WORK ORDER ->
Write out, word for word, every line in the data below from the one containing "-E due bagni" to the one containing "An open-plan living", both of them included.

________________________________________

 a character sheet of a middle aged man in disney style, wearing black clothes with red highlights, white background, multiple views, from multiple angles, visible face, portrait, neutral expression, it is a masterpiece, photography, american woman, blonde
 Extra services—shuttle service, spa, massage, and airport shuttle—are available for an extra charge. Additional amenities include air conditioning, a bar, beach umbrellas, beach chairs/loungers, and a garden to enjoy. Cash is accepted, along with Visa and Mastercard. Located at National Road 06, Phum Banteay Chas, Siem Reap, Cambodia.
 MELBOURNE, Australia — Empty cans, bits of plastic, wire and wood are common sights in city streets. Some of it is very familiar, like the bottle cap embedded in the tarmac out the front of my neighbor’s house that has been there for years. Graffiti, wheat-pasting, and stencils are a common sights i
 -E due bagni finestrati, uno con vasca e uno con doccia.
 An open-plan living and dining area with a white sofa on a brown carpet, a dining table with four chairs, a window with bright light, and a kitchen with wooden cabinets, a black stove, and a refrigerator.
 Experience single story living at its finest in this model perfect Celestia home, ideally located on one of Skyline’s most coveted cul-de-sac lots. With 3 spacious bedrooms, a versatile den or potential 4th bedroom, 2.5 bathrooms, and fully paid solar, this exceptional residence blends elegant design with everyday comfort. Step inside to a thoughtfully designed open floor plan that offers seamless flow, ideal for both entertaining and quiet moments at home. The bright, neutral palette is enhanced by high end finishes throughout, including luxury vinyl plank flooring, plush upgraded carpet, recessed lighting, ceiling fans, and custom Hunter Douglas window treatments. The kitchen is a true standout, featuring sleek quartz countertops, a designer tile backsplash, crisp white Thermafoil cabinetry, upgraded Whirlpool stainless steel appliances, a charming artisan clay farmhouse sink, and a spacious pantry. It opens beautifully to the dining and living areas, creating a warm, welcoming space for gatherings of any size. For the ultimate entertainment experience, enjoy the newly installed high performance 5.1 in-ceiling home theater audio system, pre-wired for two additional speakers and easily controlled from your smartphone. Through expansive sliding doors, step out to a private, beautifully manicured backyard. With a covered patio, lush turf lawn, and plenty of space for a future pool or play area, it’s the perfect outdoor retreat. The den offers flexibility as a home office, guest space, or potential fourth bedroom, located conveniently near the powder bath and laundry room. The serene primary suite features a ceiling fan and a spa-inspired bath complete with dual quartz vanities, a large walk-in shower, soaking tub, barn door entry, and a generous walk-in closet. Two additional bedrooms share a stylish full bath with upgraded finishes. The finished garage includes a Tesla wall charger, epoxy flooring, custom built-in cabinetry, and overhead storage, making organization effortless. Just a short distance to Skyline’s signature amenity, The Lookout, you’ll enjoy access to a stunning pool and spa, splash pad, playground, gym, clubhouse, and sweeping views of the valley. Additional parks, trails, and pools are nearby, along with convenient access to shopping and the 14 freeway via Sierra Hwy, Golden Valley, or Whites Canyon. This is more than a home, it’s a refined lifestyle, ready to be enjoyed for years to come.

________________________________________

SOLUTION FOR THIS TASK ->
 -E due bagni finestrati, uno con vasca e uno con doccia.
 An open-plan living and dining area with a white sofa on a brown carpet, a dining table with four chairs, a window with bright light, and a kitchen with wooden cabinets, a black stove, and a refrigerator.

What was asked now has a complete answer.